### [Your objective]
Would you repeat the listing below exactly, with no pictures in it?

BEGIN Dataset extract

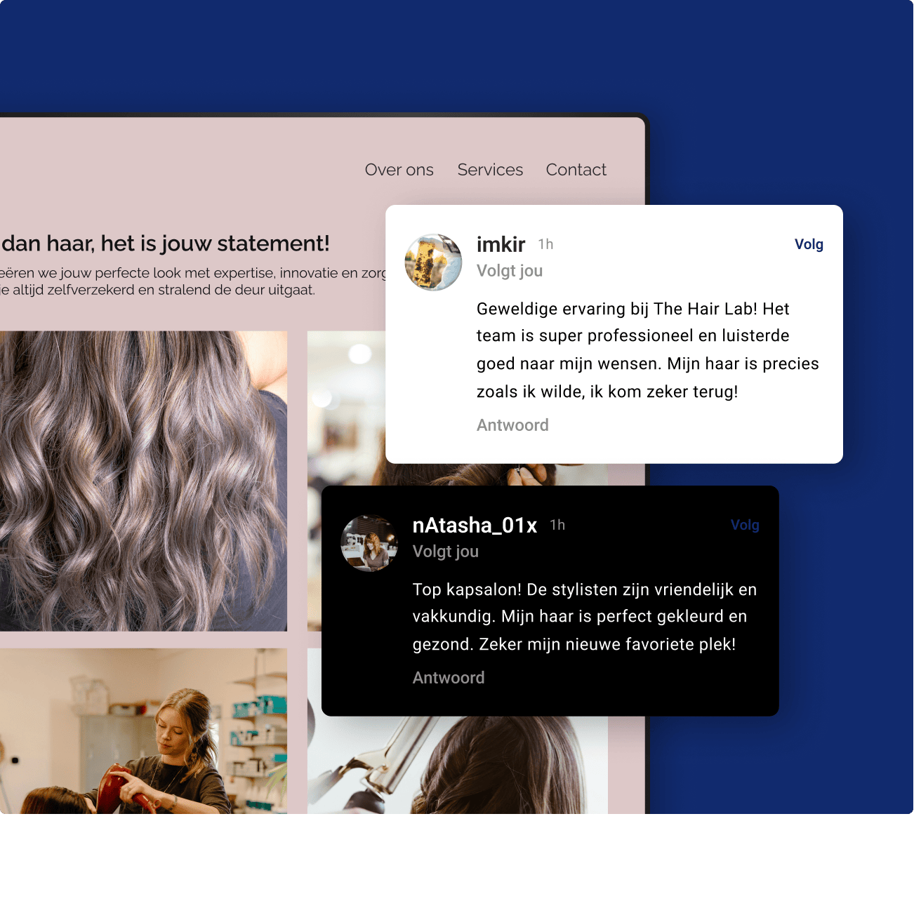Toon je social media-feed op je website en geef je klanten een extra uitgebreide indruk. Voeg bijvoorbeeld je Instagram-profiel of een link naar je YouTube-kanaal toe. Of integreer Google Reviews, zodat klanten meteen de recensies over je kapperszaak kunnen zien.
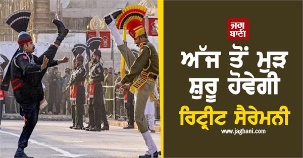 ਹੁਣ ਜਦੋਂ ਜੰਗਬੰਦੀ ਮਗਰੋਂ ਦੋਵਾਂ ਦੇਸ਼ਾਂ ਵਿਚਾਲੇ ਹਾਲਤ ਸਥਿਰ ਹਨ ਤਾਂ ਦੋਵਾਂ ਦੇਸ਼ਾਂ ਵਿਚਾਲੇ ਰਿਟ੍ਰੀਟ ਸੈਰੇਮਨੀ ਦੁਬਾਰਾ ਸ਼ੁਰੂ ਹੋਣ ਜਾ ਰਹੀ ਹੈ। ਅਟਾਰੀ-ਵਾਹਗਾ, ਹੁਸੈਨੀਵਾਲਾ ਤੇ ਸਾਦਕੀ ਬਾਰਡਰ 'ਤੇ ਰਿਟ੍ਰੀਟ ਸੈਰੇਮਨੀ ਅੱਜ ਸ਼ਾਮ 6 ਵਜੇ ਸ਼ੁਰੂ ਹੋ ਜਾਵੇਗੀ। ਹਾਲਾਂਕਿ ਅੱਜ ਦੇ ਦਿਨ ਸਿਰਫ਼ ਮੀਡੀਆ ਨਾਲ ਜੁੜੇ ਲੋਕ ਹੀ ਇਸ 'ਚ ਸ਼ਾਮਲ ਹੋ ਸਕਣਗੇ, ਜਦਕਿ ਭਲਕੇ (ਬੁੱਧਵਾਰ) ਤੋਂ ਆਮ ਲੋਕ ਵੀ ਪਹਿਲਾਂ ਵਾਂਗ ਰਿਟ੍ਰੀਟ ਸੈਰੇਮਨੀ ਦੇਖਣ ਜਾ ਸਕਣਗੇ।
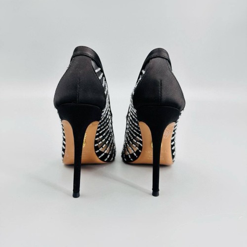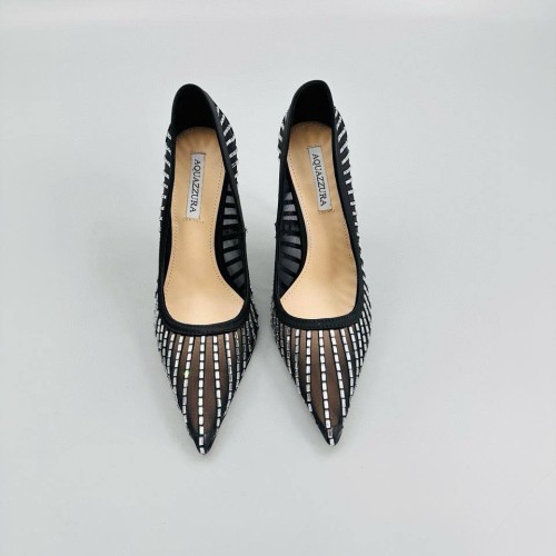 Черные туфли Aquazzura из атласа со стелькой из натуральной кожи. Элегантная пара обуви на устойчивом каблуке, высотой 11 см сделает любой образ изысканным, а также придаст вашей походке лёгкость и уверенность. Невероятные мерцающие стразы в дизайне босоножек придают паре яркости. В нашем интернет-магазине вы можете купить копии туфель с доставкой по Москве и по всей России.
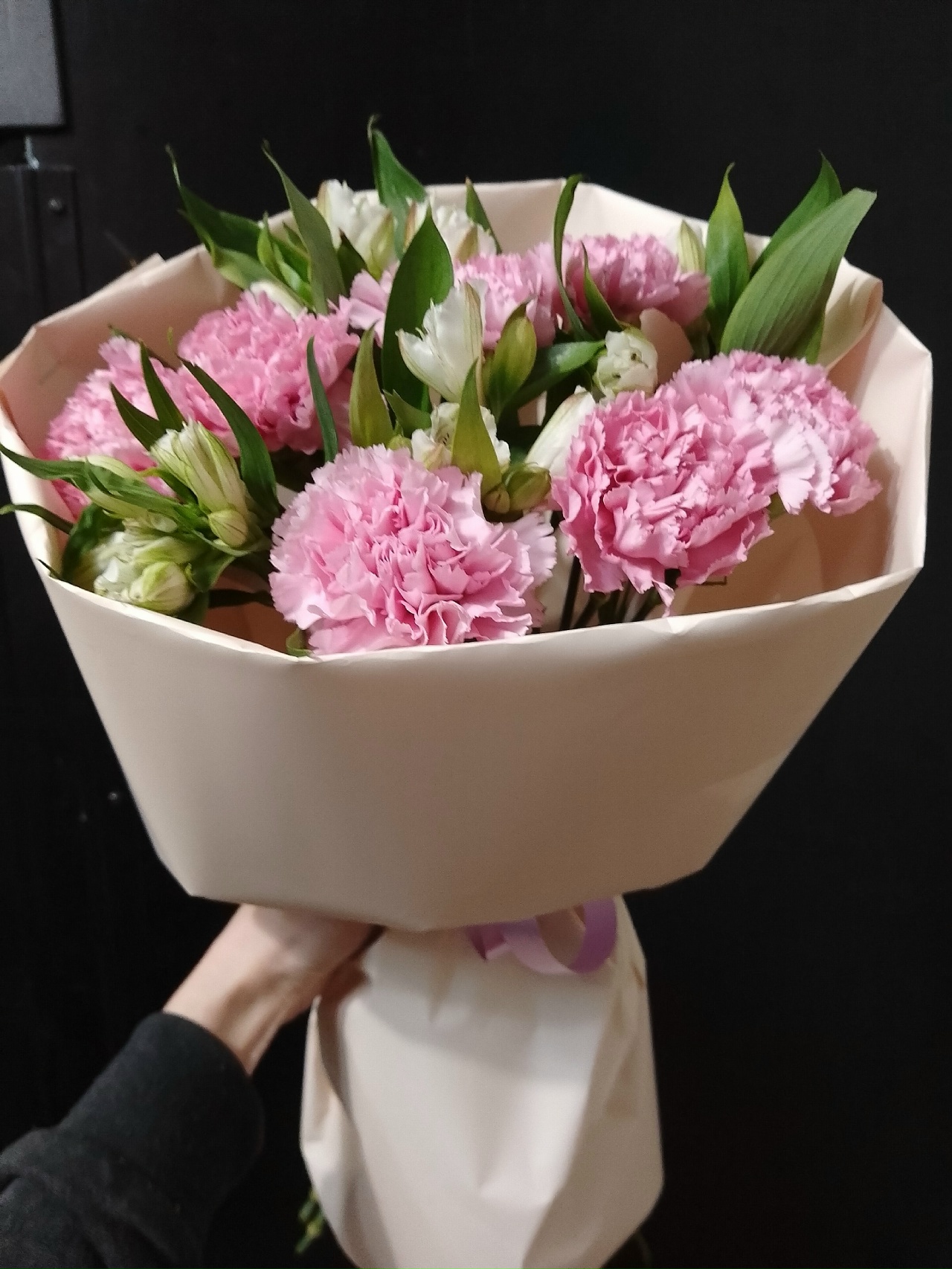 альстромерия 4 шт, гвоздика 7 шт, упаковка

END Dataset extract

### [Task response]
Toon je social media-feed op je website en geef je klanten een extra uitgebreide indruk. Voeg bijvoorbeeld je Instagram-profiel of een link naar je YouTube-kanaal toe. Of integreer Google Reviews, zodat klanten meteen de recensies over je kapperszaak kunnen zien.
 ਹੁਣ ਜਦੋਂ ਜੰਗਬੰਦੀ ਮਗਰੋਂ ਦੋਵਾਂ ਦੇਸ਼ਾਂ ਵਿਚਾਲੇ ਹਾਲਤ ਸਥਿਰ ਹਨ ਤਾਂ ਦੋਵਾਂ ਦੇਸ਼ਾਂ ਵਿਚਾਲੇ ਰਿਟ੍ਰੀਟ ਸੈਰੇਮਨੀ ਦੁਬਾਰਾ ਸ਼ੁਰੂ ਹੋਣ ਜਾ ਰਹੀ ਹੈ। ਅਟਾਰੀ-ਵਾਹਗਾ, ਹੁਸੈਨੀਵਾਲਾ ਤੇ ਸਾਦਕੀ ਬਾਰਡਰ 'ਤੇ ਰਿਟ੍ਰੀਟ ਸੈਰੇਮਨੀ ਅੱਜ ਸ਼ਾਮ 6 ਵਜੇ ਸ਼ੁਰੂ ਹੋ ਜਾਵੇਗੀ। ਹਾਲਾਂਕਿ ਅੱਜ ਦੇ ਦਿਨ ਸਿਰਫ਼ ਮੀਡੀਆ ਨਾਲ ਜੁੜੇ ਲੋਕ ਹੀ ਇਸ 'ਚ ਸ਼ਾਮਲ ਹੋ ਸਕਣਗੇ, ਜਦਕਿ ਭਲਕੇ (ਬੁੱਧਵਾਰ) ਤੋਂ ਆਮ ਲੋਕ ਵੀ ਪਹਿਲਾਂ ਵਾਂਗ ਰਿਟ੍ਰੀਟ ਸੈਰੇਮਨੀ ਦੇਖਣ ਜਾ ਸਕਣਗੇ।
 Черные туфли Aquazzura из атласа со стелькой из натуральной кожи. Элегантная пара обуви на устойчивом каблуке, высотой 11 см сделает любой образ изысканным, а также придаст вашей походке лёгкость и уверенность. Невероятные мерцающие стразы в дизайне босоножек придают паре яркости. В нашем интернет-магазине вы можете купить копии туфель с доставкой по Москве и по всей России.
 альстромерия 4 шт, гвоздика 7 шт, упаковка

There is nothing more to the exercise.